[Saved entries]
⟨

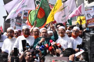 জুলাই জাতীয় সনদ বাস্তবায়নের আদেশ জারি, নভেম্বরে গণভোটসহ ৫ দফা’ দাবিতে বাংলাদেশ জামায়াতে ইসলামীর নেতৃত্বে সমমনা ৮ দলের পক্ষ থেকে প্রধান উপদেষ্টার নিকট স্মারকলিপি প্রদান করা হয়েছে। বৃহস্পতিবার (৬ নভেম্বর) সকালে স্মারকলিপি প্রদান পূর্বে মতিঝিল শাপলা চত্বরে বাংলাদেশ জামায়াতে ইসলামীর কেন্দ্রীয় নির্বাহী পরিষদ সদস্য ও ঢাকা মহানগরী দক্ষিণের আমীর মো. নূরুল ইসলাম বুলবুলের সভাপতিত্বে এক পথসভা অনুষ্ঠিত হয়। সভায় প্রধান অতিথি হিসেবে উপস্থিত ছিলেন বাংলাদেশ জামায়াতে ইসলামীর সেক্রেটারি জেনারেল ও সাবেক এমপি অধ্যাপক মিয়া গোলাম পরওয়ার।
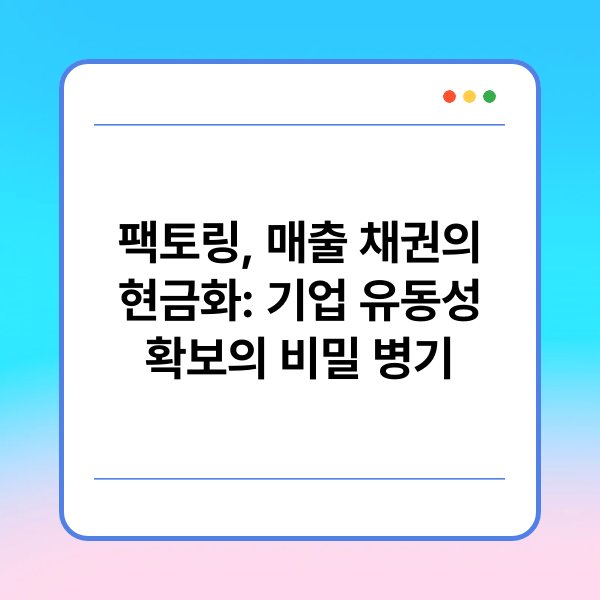 A4: 팩토링을 통해 확보한 자금은 운영 자금, 재고 구매, 투자 등 다양한 용도로 사용 가능합니다.
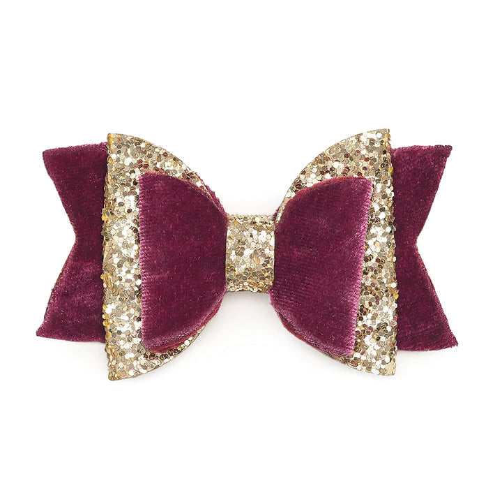 This Sweet Wink clip has a velvet bow accented with a gold glitter bow. The alligator clip is ribbon-covered to help grip the hair.
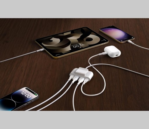 - Rozdzielacz mocy: umożliwia ładowanie 4 urządzeń jednocześnie na 1 porcie USB-C ładowarki
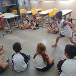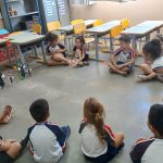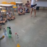 Nessa atividade, as crianças brincaram de matar o mosquito. O jogo de boliche foi confeccionado com garrafa pet e com uma bola feita de meias velhas. As crianças gostaram muito da brincadeira. Antes de brincarem, foi feita uma roda de conversa para falar sobre a dengue.
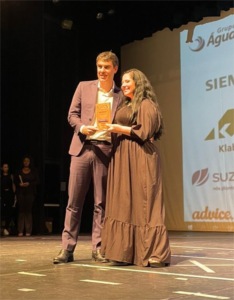 Gustavo Sierra, gerente de Comunicação da Abramge, recebe o troféu Empresas que Melhor se Comunicam com Jornalistas, das mãos da diretora da Ebert Comunicações, Alexandra Ebert.
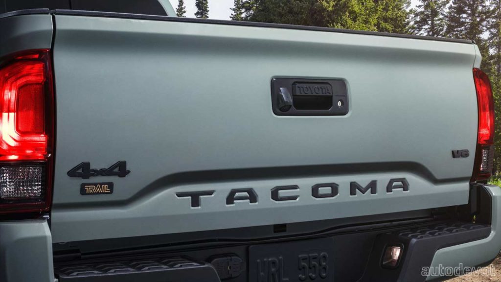 Based on the SR5 4×4 variant, the Tacoma Trail Edition is upgraded with a standard locking rear differential. This truck also borrows skid plates from the TRD Off-Road trim.

⟩

## What this task involves
Set the records down again precisely, skipping every image.

## Result of the task
 জুলাই জাতীয় সনদ বাস্তবায়নের আদেশ জারি, নভেম্বরে গণভোটসহ ৫ দফা’ দাবিতে বাংলাদেশ জামায়াতে ইসলামীর নেতৃত্বে সমমনা ৮ দলের পক্ষ থেকে প্রধান উপদেষ্টার নিকট স্মারকলিপি প্রদান করা হয়েছে। বৃহস্পতিবার (৬ নভেম্বর) সকালে স্মারকলিপি প্রদান পূর্বে মতিঝিল শাপলা চত্বরে বাংলাদেশ জামায়াতে ইসলামীর কেন্দ্রীয় নির্বাহী পরিষদ সদস্য ও ঢাকা মহানগরী দক্ষিণের আমীর মো. নূরুল ইসলাম বুলবুলের সভাপতিত্বে এক পথসভা অনুষ্ঠিত হয়। সভায় প্রধান অতিথি হিসেবে উপস্থিত ছিলেন বাংলাদেশ জামায়াতে ইসলামীর সেক্রেটারি জেনারেল ও সাবেক এমপি অধ্যাপক মিয়া গোলাম পরওয়ার।
 A4: 팩토링을 통해 확보한 자금은 운영 자금, 재고 구매, 투자 등 다양한 용도로 사용 가능합니다.
 This Sweet Wink clip has a velvet bow accented with a gold glitter bow. The alligator clip is ribbon-covered to help grip the hair.
 - Rozdzielacz mocy: umożliwia ładowanie 4 urządzeń jednocześnie na 1 porcie USB-C ładowarki
 Nessa atividade, as crianças brincaram de matar o mosquito. O jogo de boliche foi confeccionado com garrafa pet e com uma bola feita de meias velhas. As crianças gostaram muito da brincadeira. Antes de brincarem, foi feita uma roda de conversa para falar sobre a dengue.
 Gustavo Sierra, gerente de Comunicação da Abramge, recebe o troféu Empresas que Melhor se Comunicam com Jornalistas, das mãos da diretora da Ebert Comunicações, Alexandra Ebert.
 Based on the SR5 4×4 variant, the Tacoma Trail Edition is upgraded with a standard locking rear differential. This truck also borrows skid plates from the TRD Off-Road trim.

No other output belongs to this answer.